▶ _The data_:
..........
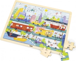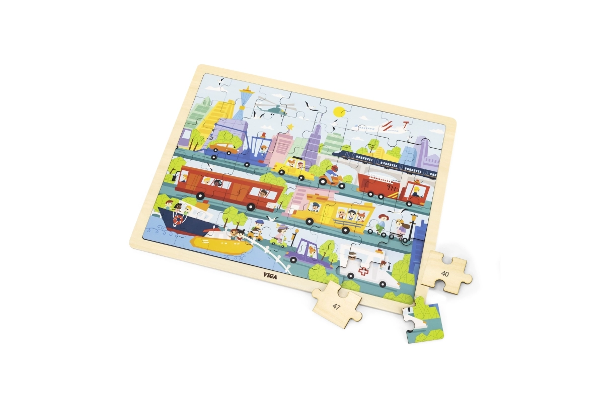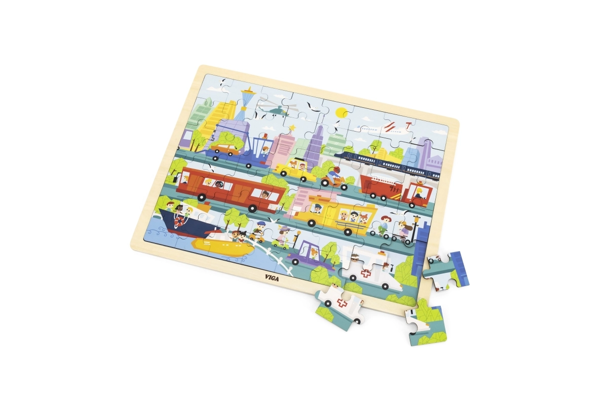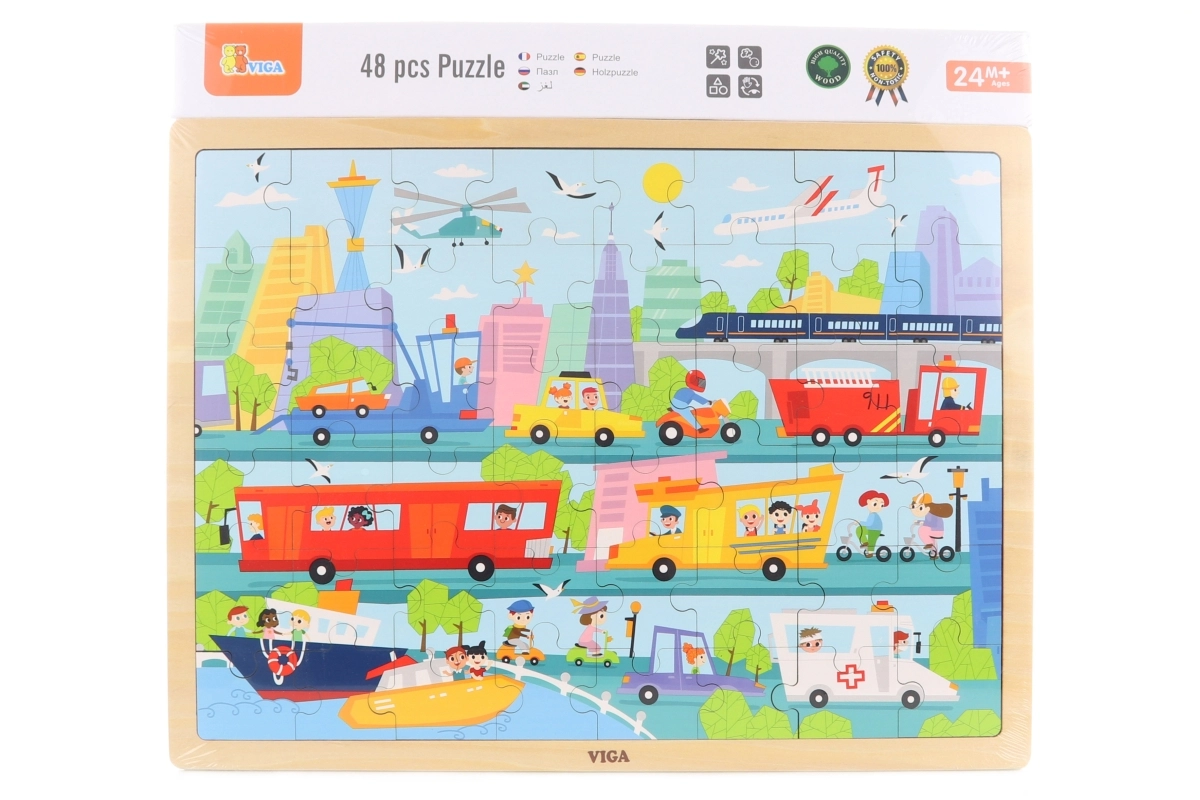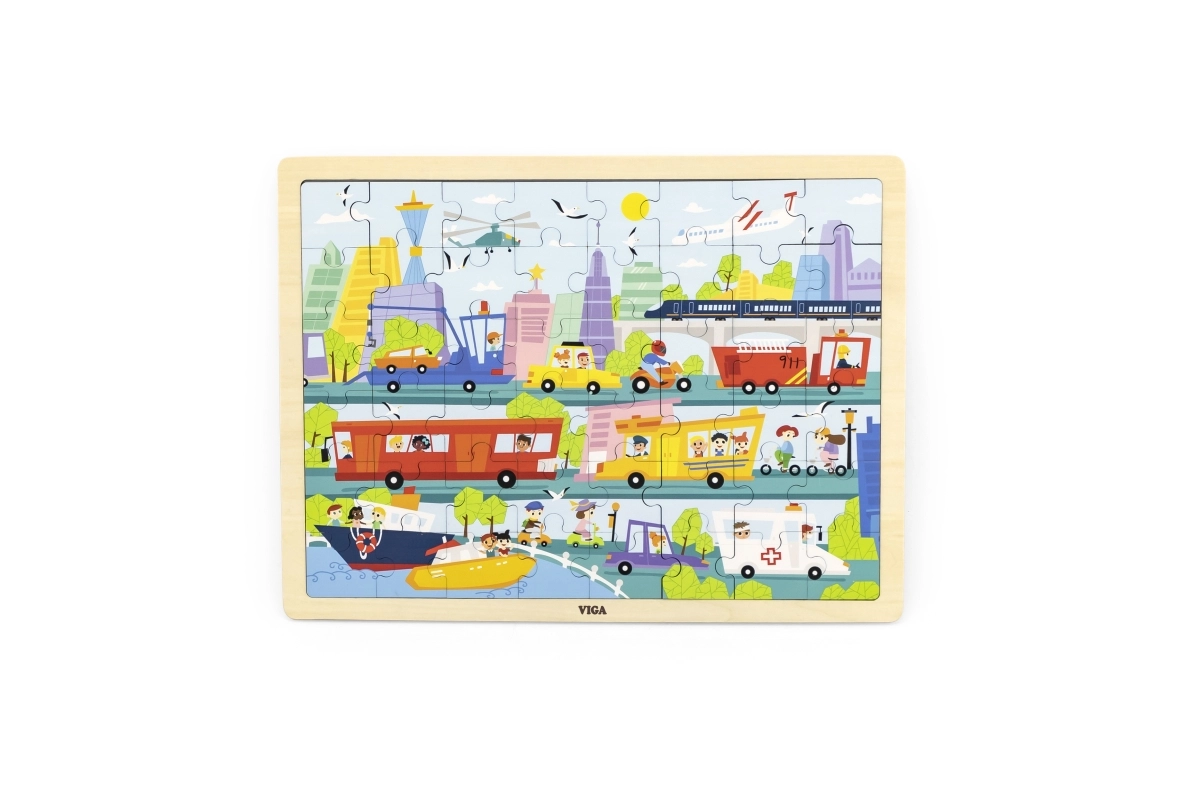 Ove kvalitetne drvene puzzle s raznolikom scenom grada i prijevoznih sredstava oduševit će male istraživače. Zahvaljujući 48 dijelova i čvrstom okviru, djeca vježbaju koncentraciju, koordinaciju oko–ruka i strpljenje. Jasne boje i razumljive ilustracije motiviraju na ponovno slaganje.
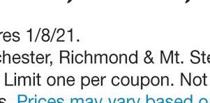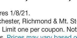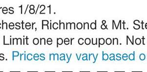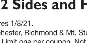 RICHMOND December 2020 Shop locally. Save locally. To advertise, call 270.314.4575 EKU By-Pass Light #9 Richmond 859-623-8561 • thesoftshoe.com $5 OFF Any purchase of $39.99 or higher Includes All Sale Items Excludes prior purchases, other discount offers, and other coupons. Limit 1 coupon per purchase Expires 12/24/20. PROMO CODE: SAVER RICH $10 OFF Any purchase of $75 or higher Includes All Sale Items Excludes prior purchases, other discount offers, and other coupons. Limit 1 coupon per purchase. Expires 12/24/20. PROMO CODE: SAVER RICH Locally Owned & Operated Open Monday thru Friday 10-8 Saturday 9-8, Sunday 1:30-6 HOLIDAY SAVINGS! EXPIRES 12/31/20.
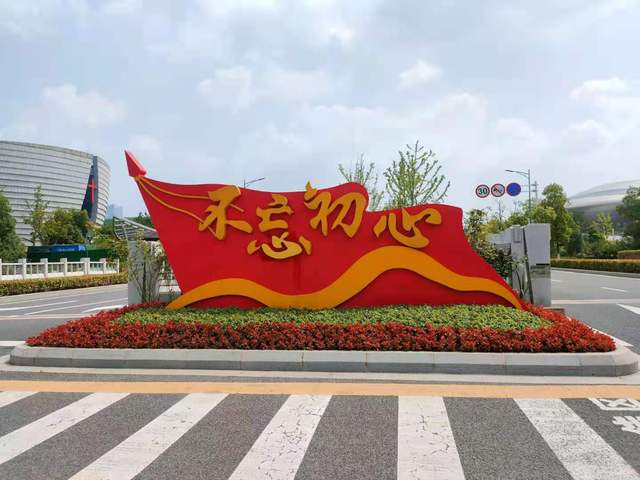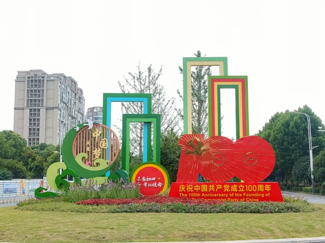 不忘初心来时路,同心共筑中国梦。位于建邺区梦都大街扬子江大道路口高7米,占地面积100余平方米的主题景观,在绿地基础上突显了“庆祝中国共产党成立100周年”活动标识等党建元素;中国传统纹样图案、彩色立体门框的设计,赋予整件作品立足传统、开放包容的内涵;蛇鞭菊、斑叶芒、彩叶草、夏堇等各式花卉错落有致的铺满地面,烘托了喜迎建党百年的喜庆氛围。
..........
▶ _How to complete this task_: Could the listing above be printed again in full, with every picture omitted?

▶ _Solution to this problem_:
 Ove kvalitetne drvene puzzle s raznolikom scenom grada i prijevoznih sredstava oduševit će male istraživače. Zahvaljujući 48 dijelova i čvrstom okviru, djeca vježbaju koncentraciju, koordinaciju oko–ruka i strpljenje. Jasne boje i razumljive ilustracije motiviraju na ponovno slaganje.
 RICHMOND December 2020 Shop locally. Save locally. To advertise, call 270.314.4575 EKU By-Pass Light #9 Richmond 859-623-8561 • thesoftshoe.com $5 OFF Any purchase of $39.99 or higher Includes All Sale Items Excludes prior purchases, other discount offers, and other coupons. Limit 1 coupon per purchase Expires 12/24/20. PROMO CODE: SAVER RICH $10 OFF Any purchase of $75 or higher Includes All Sale Items Excludes prior purchases, other discount offers, and other coupons. Limit 1 coupon per purchase. Expires 12/24/20. PROMO CODE: SAVER RICH Locally Owned & Operated Open Monday thru Friday 10-8 Saturday 9-8, Sunday 1:30-6 HOLIDAY SAVINGS! EXPIRES 12/31/20.
 不忘初心来时路,同心共筑中国梦。位于建邺区梦都大街扬子江大道路口高7米,占地面积100余平方米的主题景观,在绿地基础上突显了“庆祝中国共产党成立100周年”活动标识等党建元素;中国传统纹样图案、彩色立体门框的设计,赋予整件作品立足传统、开放包容的内涵;蛇鞭菊、斑叶芒、彩叶草、夏堇等各式花卉错落有致的铺满地面,烘托了喜迎建党百年的喜庆氛围。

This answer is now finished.